DIRECTIONS FOR THIS TASK: Where a picture shows up in the listing below, omit it and output the rest exactly.

DATA EXTRACT:
┄┄┄┄┄┄
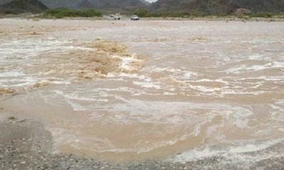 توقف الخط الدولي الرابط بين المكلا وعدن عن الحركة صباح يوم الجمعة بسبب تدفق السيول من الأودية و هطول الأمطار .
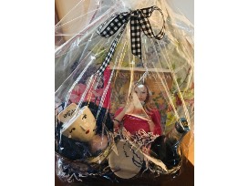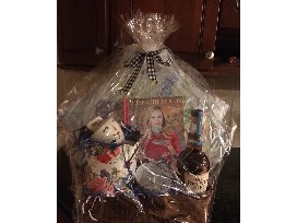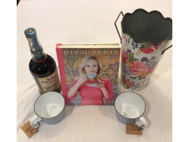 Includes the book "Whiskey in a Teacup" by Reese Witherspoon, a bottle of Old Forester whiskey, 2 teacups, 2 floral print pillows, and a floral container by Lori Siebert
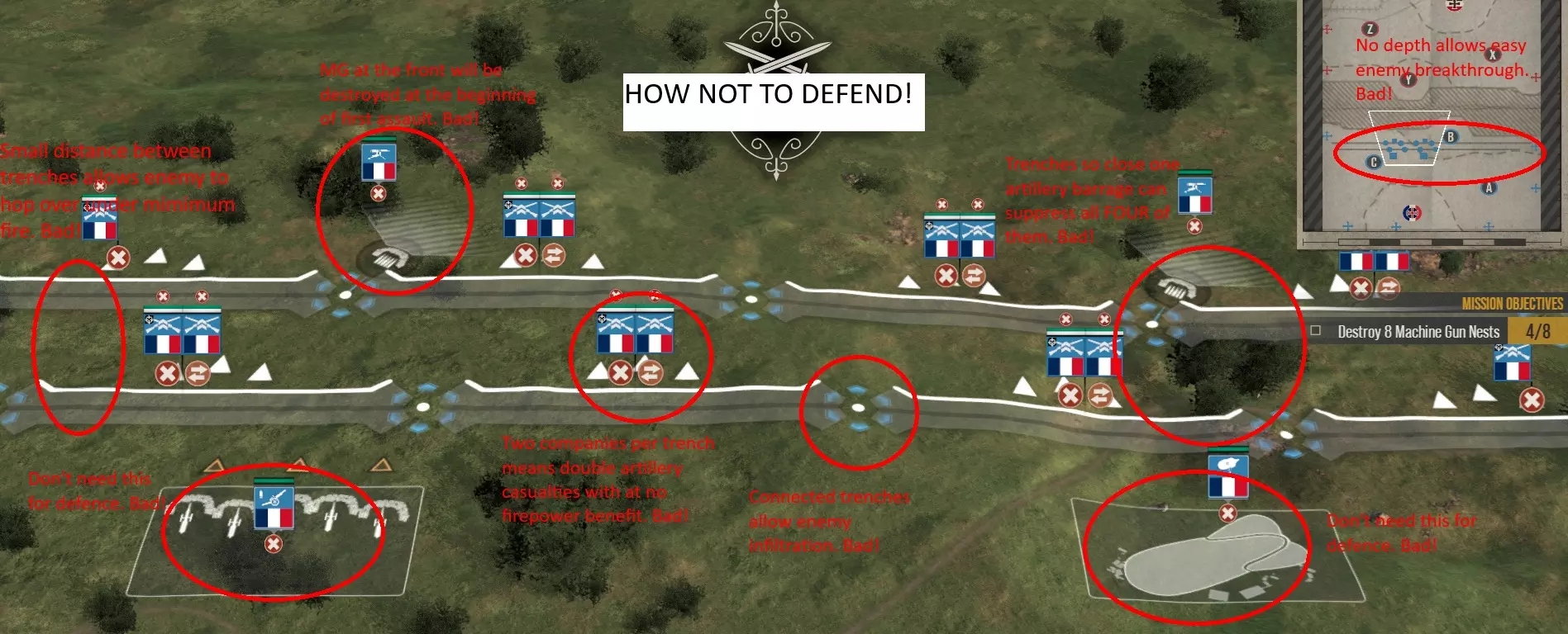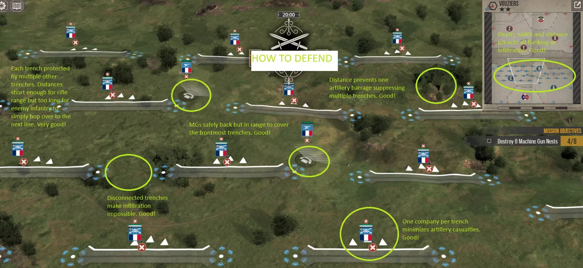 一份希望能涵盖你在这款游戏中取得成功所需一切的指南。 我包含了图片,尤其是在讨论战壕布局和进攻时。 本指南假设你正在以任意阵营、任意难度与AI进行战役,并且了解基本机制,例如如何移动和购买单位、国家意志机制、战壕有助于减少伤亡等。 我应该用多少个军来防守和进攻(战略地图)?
┄┄┄┄┄┄
ANSWER AREA:
 توقف الخط الدولي الرابط بين المكلا وعدن عن الحركة صباح يوم الجمعة بسبب تدفق السيول من الأودية و هطول الأمطار .
 Includes the book "Whiskey in a Teacup" by Reese Witherspoon, a bottle of Old Forester whiskey, 2 teacups, 2 floral print pillows, and a floral container by Lori Siebert
 一份希望能涵盖你在这款游戏中取得成功所需一切的指南。 我包含了图片,尤其是在讨论战壕布局和进攻时。 本指南假设你正在以任意阵营、任意难度与AI进行战役,并且了解基本机制,例如如何移动和购买单位、国家意志机制、战壕有助于减少伤亡等。 我应该用多少个军来防守和进攻(战略地图)?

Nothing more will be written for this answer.